Another factor that is influencing military interventions relates to the global increase in what can be termed as the ‘Ambient Lethality Index” (ALI). The ALI of the twenty-first century, which continues to increase with each passing year, will not only affect UN peace keeping operations, whatever be their nature, but law enforcement operations almost everywhere in the world unless a democratized UN is able to bring  about a sea change in transfer and sale of lethal weapons. The desired change can only be brought in through interactive harmony and not through selective (coercive) measures

The selective application of curbs, grandiloquently termed as ‘sanctions’, has muddied the waters of global harmonization. It has removed the rational base for international interaction. If the trend remains unchecked it could eventually undermine the very concept of jurisprudence on which the democratic functioning of human society is based.

There is a perceivable dilution in the respect and sanctity for protocols entered into. In the global arms bazaar, everything is available, at a price. Sanctions thereby reduce to becoming an irritant which merely serve to hike up the price. The result is there for anyone to see. It is reflected in the enhanced ALI. The arsenals of ordinary criminal gangs now include bazookas, grenades and secure communications. Going still further to terrorist groups and drug cartels the weapons sophistication has appreciated to include IEDs, mines, bazookas, night-vision devices, high powered boats, helicopters, aircraft, midget submarines and an host of other sophisticated devices which even many of the law enforcement agencies do not possess.

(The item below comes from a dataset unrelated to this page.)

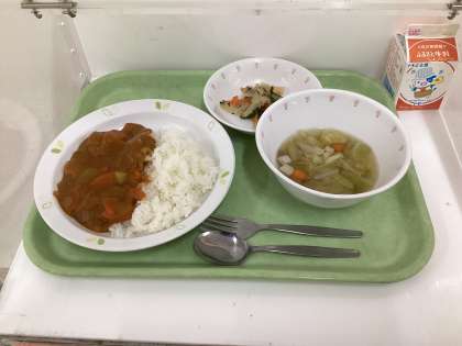 カレーライス ごまサラダ コンソメスープ 牛乳

The havoc - resulting mainly from the uncompromising attitude of the military-industrial complex - which will be wrought by the phenomenal ALI increase would be far greater on advanced societies than on deprived populations. Restrictions on free movement to combat the deadlier menaces (well below the nuclear threshold) surfacing in every airport, seaport, bus terminal, metro line, railway station and an host of other places has become more routine and more cumbersome. All encompassing global harmonization measures entered into in good faith between all nations could conceivably put a halt to further ALI increases at this juncture.

‘Democratising Impositions’

The observations on the ground conditions that obtain for UN peacekeeping operations, if present trends continue, lead one to the conclusion that the time may have come to re-examine the first principles of UN military operations; and any other military interventions authorized by the UN. Just as the nature of warfare has changed the rationale for military interventions must be looked at de novo. One can even say that in this century military interventions have no justification unless they have been (specifically) mandated by a ‘democratized’ United Nations to meet a global threat or in keeping with principles which have been clearly enunciated for the maintenance of global harmony as well as to safeguard the ecological sanctity and diversity of the planet in the interest of the coming generations.

‘Pre-imposition Adjudication Mechanisms

The first clause of the UN military intervention charter should, therefore, state that no state may go to war with any other state by mounting a physical invasion of that state unless it has first sought an adjudication of the dispute from the reformed Security Council or a panel set up by the International Court of Justice for that purpose. In either case the final award, if not acceptable to either of the disputants, could again be appealed before a full bench of the ICJ. The acceptance of this principle by nation states, especially in cases where a status quo has operated for more than fifty years in territorial disputes, could change the course of world history. However, the problem of enforcing such a world resolution would lie more with non-state actors and lesser states still in the process of state formation or democratization rather than with states and groupings that have matured into stable global entities contributing to the global equipoise of the third millennium. Therefore, military interventions by the UN, or those sanctioned by the UN, should normally be restricted to the unstable regions of the world where democratic governments have not taken root and change of government is brought about by the bullet rather than the ballot.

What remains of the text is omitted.